Modeling Dabrafenib Response Using Multi-Omics Modality Fusion and Protein Network Embeddings Based on Graph Convolutional Networks

Cancer cell response to targeted therapy arises from complex molecular interactions, making single omics insufficient for accurate prediction. This study develops a model to predict Dabrafenib sensitivity by integrating multiple omics layers (genomics, transcriptomics, proteomics, epigenomics, and metabolomics) with protein network embeddings generated using Graph Convolutional Networks (GCN). Each modality is encoded into low dimensional representations through neural network preprocessing. Protein interaction information from STRING is incorporated using GCN to capture biological topology. An attention based fusion mechanism assigns adaptive weights to each modality according to its relevance. Using GDSC cancer cell line data, the model shows that selective integration of two modalities, especially proteomics and transcriptomics, achieves the best test performance (R2 around 0.96), outperforming all single omics and full multimodal settings. Genomic and epigenomic data were less informative, while proteomic and transcriptomic layers provided stronger phenotypic signals related to MAPK inhibitor activity. These results show that attention guided multi omics fusion combined with GCN improves drug response prediction and reveals complementary molecular determinants of Dabrafenib sensitivity. The approach offers a promising computational framework for precision oncology and predictive modeling of targeted therapies.

💡 Research Summary

This study presents a novel computational framework for predicting cancer cell line sensitivity to the targeted therapy Dabrafenib by integrating multi-omics data with biological network information. Recognizing that drug response is a complex phenotype arising from interconnected molecular layers, the authors move beyond single-omics approaches. Their model simultaneously leverages genomics, transcriptomics, proteomics, epigenomics, and metabolomics data, and enriches this information with functional context derived from protein-protein interaction (PPI) networks.

The methodological pipeline is meticulously designed. First, each omics modality undergoes independent preprocessing and is transformed into a low-dimensional embedding via a dedicated neural network encoder. In parallel, a Graph Convolutional Network (GCN) is employed to learn embeddings from a PPI network constructed using STRING database data. The GCN step is crucial as it encodes the topological and functional relationships between proteins, providing a structured biological context that pure numerical omics features lack. The core innovation lies in the fusion stage: instead of simply concatenating all embeddings, an attention mechanism dynamically assigns importance weights to each modality (including the PPI embedding) based on its relevance to the prediction task. This allows the model to focus on the most informative data sources. The final fused representation is then used for two downstream tasks: regression of continuous IC50/AUC values and binary classification of sensitivity.

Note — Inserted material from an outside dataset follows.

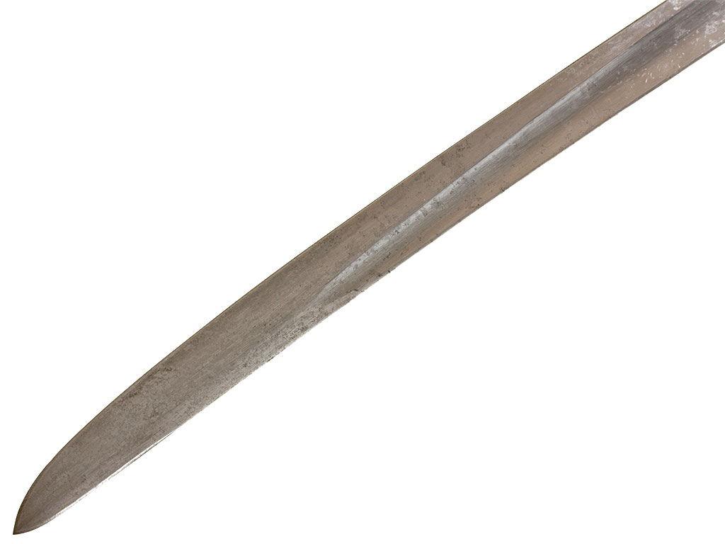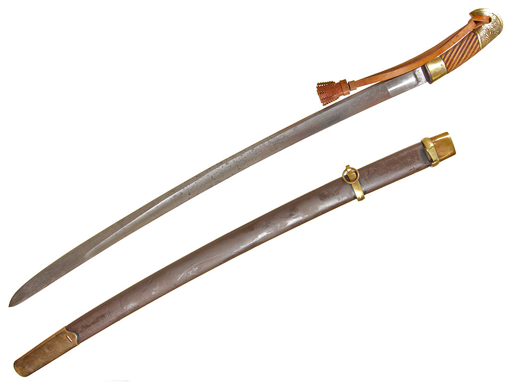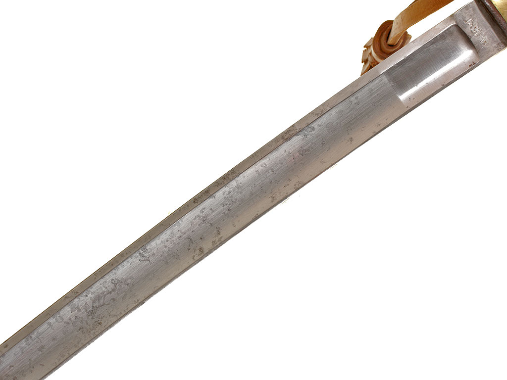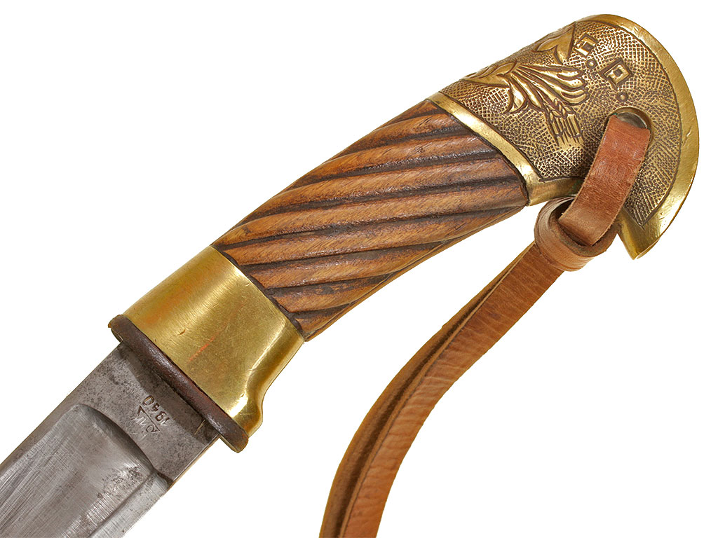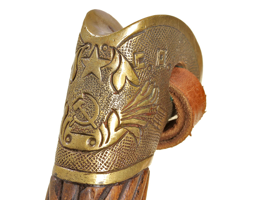 Шашка кавалерийская образца 1927 года, изготовленная в 1940 году. Клинок незначительной кривизны, с одним широким долом, у основания клеймо Златоустовского инструментального комбината с годом выпуска. Рукоять деревянная, с латунными навершием и втулкой. Навершие украшено изображением серпа и молота, пятиконечной звезды и надписью "С.С.С.Р.". Ножны деревянные, грунтованные, выкрашенные в черный цвет, с латунным прибором. Оригинальный темляк.

The evaluation, conducted using data from the GDSC resource, yielded compelling and somewhat counterintuitive results. The model’s performance was rigorously tested across all possible combinations of the five omics modalities and the PPI embedding. Strikingly, the best-performing configuration was not the model using all available data, but the selective integration of just two modalities: proteomics and transcriptomics. This combination achieved an exceptional test performance of R² ≈ 0.96 and a very low RMSE of 0.48, surpassing all single-omics models and every multi-omics model with three or more modalities. Among single modalities, proteomics alone showed the strongest predictive power (R² ≈ 0.75), followed by metabolomics. In stark contrast, genomics and epigenomics data alone provided almost no predictive value (R² near zero or negative). The PPI network embedding offered moderate predictive value on its own but acted as a complementary source of information when fused with proteomics or transcriptomics.

A key insight from the analysis is that adding more data modalities is not always beneficial. Many three-, four-, five-, and six-modality combinations showed significantly worse performance than the top two-modality model, indicating that indiscriminate integration can introduce noise, redundancy, and lead to overfitting. The success of the proteomics-transcriptomics pair is biologically interpretable. Dabrafenib is a BRAF inhibitor targeting the MAPK signaling pathway. Therefore, the actual abundance and activity state (e.g., phosphorylation) of proteins within this pathway (captured by proteomics) and the transcriptional response of related genes (captured by transcriptomics) are more direct determinants of cellular response than the static presence of a genomic mutation. The study computationally validates that phenotypic signals are strongest in these functional layers closest to cellular activity.

In conclusion, this research demonstrates that an attention-guided, selective fusion of high-value omics layers, combined with GCN-derived biological network embeddings, can dramatically improve the accuracy of drug response prediction. It provides a sophisticated framework that balances data integration with model focus, offering a promising path for computational models in precision oncology. Future work would benefit from validation on larger, independent cohorts and deeper biological interpretation of the attention weights and features driving the predictions.